Multiple simulation specs reference the same data types:

  • TracePoint: appears in knowledge-graph, activitypub, universal-state, information-engine, traceability-graph. It is the fundamental unit of structured content.
  • Snapshot: appears in storage, audit, replication, baseline-renewal. It is the unit of persistent state.
  • Acts: appear in traceability-graph, knowledge-graph, information-engine, stlc. They are the unit of justified action.
  • Schema registry entries: appear in measurement-fabric, intake-stack. They define what data types are recognized.

These shared types create implicit contracts between aspects. When introspection says “monitoring must not perturb trace semantics (handled by scheduling),” it assumes scheduling’s trace model is compatible.

Relevance to semiotic-endeavor: The method component interface says aspects compose via input-output compatibility. The shared carrier pattern shows HOW this works: aspects share a vocabulary of named types. An endeavor’s method should declare its shared carriers explicitly.

Pattern 6: Pipeline composition

The information-engine spec organizes all aspects into a 5-stage canonical pipeline: intake/coding measurement/normalization towers/flow sheaf/hypertensor state domain views.

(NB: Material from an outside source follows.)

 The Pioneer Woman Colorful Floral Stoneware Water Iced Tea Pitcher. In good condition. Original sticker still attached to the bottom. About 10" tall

Each stage consumes the previous stage’s outputs. Domain specifications are “slices” of the pipeline’s final state — they define how to read/write sections of the shared state, plus domain-specific invariants.

Relevance to semiotic-endeavor: This is the most concrete example of how aspects compose. The current semiotic-endeavor spec lists aspects (file format, work planning, versioning, etc.) but doesn’t describe their composition order. A composition model would show which aspects consume which others’ outputs.

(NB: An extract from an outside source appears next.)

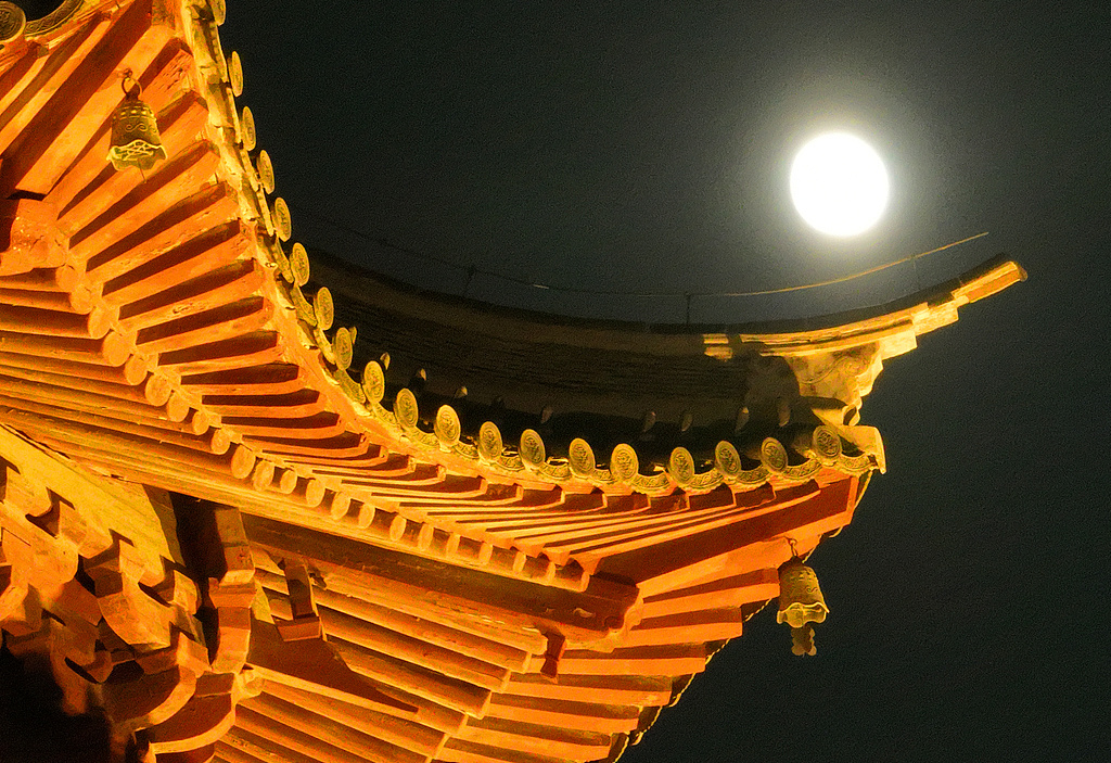 一輪圓月從浙江省臺州市仙居縣安洲塔上空升起。

Pattern 7: Dependency justification (traceability)

The traceability-graph spec requires every edge in the dependency DAG to carry a justification: which act, theorem, or specification authorizes that dependency. Unjustified edges are rejected. Policy compliance is checked before accepting new edges.

Relevance to semiotic-endeavor: The “no implicit contracts” principle (already in the spec) could be strengthened: inter-aspect dependencies are not just named but JUSTIFIED — each must cite the specification that authorizes it.

Pattern 8: Cross-aspect invariant references

Several specs reference invariants maintained by OTHER specs:

  • Introspection: “monitoring must not perturb trace semantics (handled by scheduling)”
  • Measurement-fabric: “aggregations respect linearity and bounds from the measurement stack”
  • Network: “messages must be intake-compliant (validated before routing)”
  • Replication: “all replicas must converge to the same state (per commutation laws)”

Relevance to semiotic-endeavor: The spec says “invariants from different aspects must be jointly satisfiable.” The pattern here is more specific: aspects may DELEGATE invariant enforcement to other aspects, creating a dependency that must be tracked.

Assessment: what to add to the spec

From these patterns, two additions are warranted:

  1. Normative scope declaration requirement — add to the method component interface that each aspect MUST declare its normative scope (what it IS and ISN’T normative about). Source: semiotic- markdown’s section 1.1.

  2. Shared carriers — add to the aspects-of-method section that an endeavor’s method SHOULD declare its shared carrier types (data structures that multiple aspects produce and consume). Source: the TracePoint/Snapshot/Act pattern across simulation specs.

NOT adding pipeline composition: the current semiotic-endeavor aspects (file format, versioning, change tracking, etc.) don’t naturally form a pipeline in the same way the simulation specs do. Forcing a pipeline model would be premature. The input-output compatibility statement already in the spec is sufficient for now.

NOT adding conformance extraction model: the 5-section interface template already requires typed outputs. Making it a named record type is implementation guidance, not specification-level structure.